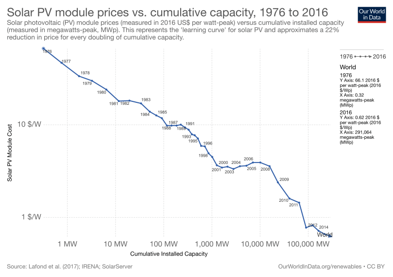 The large expansion in coal power in China in the late 20th century has been bad news for air quality there, and therefore China has now embarked on a rapid expansion of solar and other renewables. Can China ramp down coal consumption at the same rate they ramped up? Time will tell. But there are reasons to think the global transformation toward a lower-carbon economy will be more rapid than the UK experience with its transition away from coal. This is because we are now a global society, and we learn from one another. This is a cause for hope. The Chinese and the developing world don’t have to repeat the same mistakes, or cycle through the same generational sequence of technological change as the US and EU. They can hop forward to better technologies than the US and EU had at similar stages of economic development, if those technologies are on offer. Are they already here?
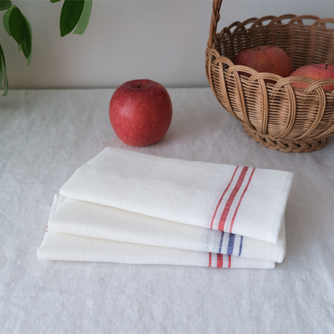 「ナプキン、お手拭きとしてが多いですが、洗った野菜や食器の一時置きや拭うときにも使っています。丈夫で乾きがよいので気軽に使えて、見た目もかわいいので数々の友人にプレゼントしてきました」
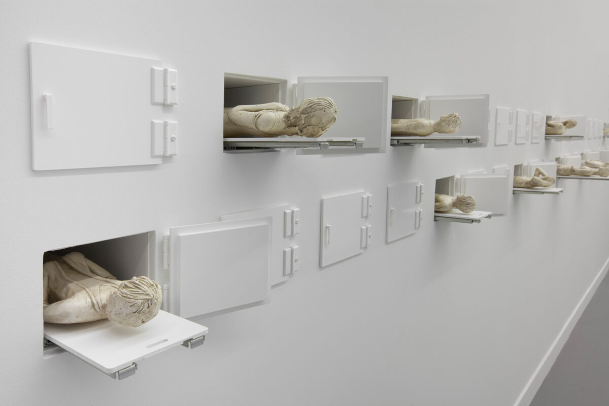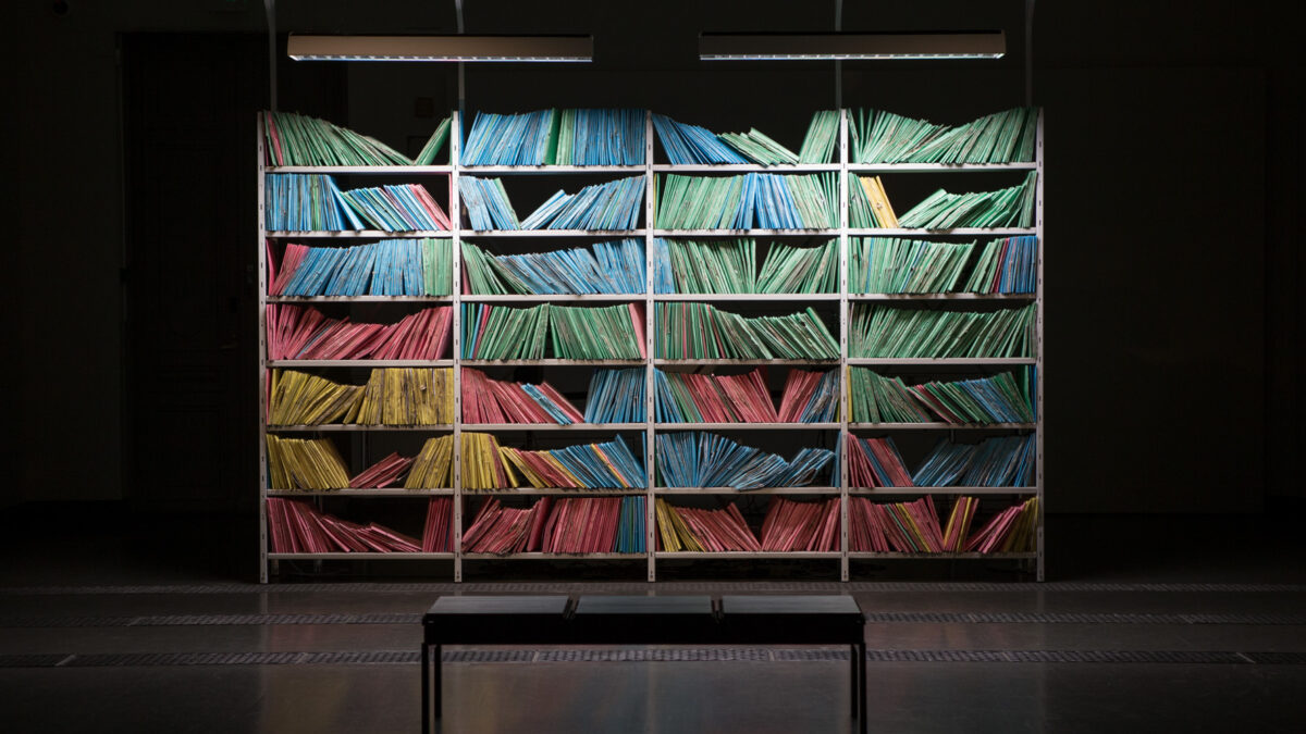 A life-size kinetic archive where folders glide across shelves in a silent loop. History is treated as a system shaped by visibility, classification, and omission.

# WHAT YOU ARE ASKED TO DO:
Please give back every line above exactly as it stands, without pictures.

# RESPONSE FOR THIS EXERCISE:
 The large expansion in coal power in China in the late 20th century has been bad news for air quality there, and therefore China has now embarked on a rapid expansion of solar and other renewables. Can China ramp down coal consumption at the same rate they ramped up? Time will tell. But there are reasons to think the global transformation toward a lower-carbon economy will be more rapid than the UK experience with its transition away from coal. This is because we are now a global society, and we learn from one another. This is a cause for hope. The Chinese and the developing world don’t have to repeat the same mistakes, or cycle through the same generational sequence of technological change as the US and EU. They can hop forward to better technologies than the US and EU had at similar stages of economic development, if those technologies are on offer. Are they already here?
 「ナプキン、お手拭きとしてが多いですが、洗った野菜や食器の一時置きや拭うときにも使っています。丈夫で乾きがよいので気軽に使えて、見た目もかわいいので数々の友人にプレゼントしてきました」
 A life-size kinetic archive where folders glide across shelves in a silent loop. History is treated as a system shaped by visibility, classification, and omission.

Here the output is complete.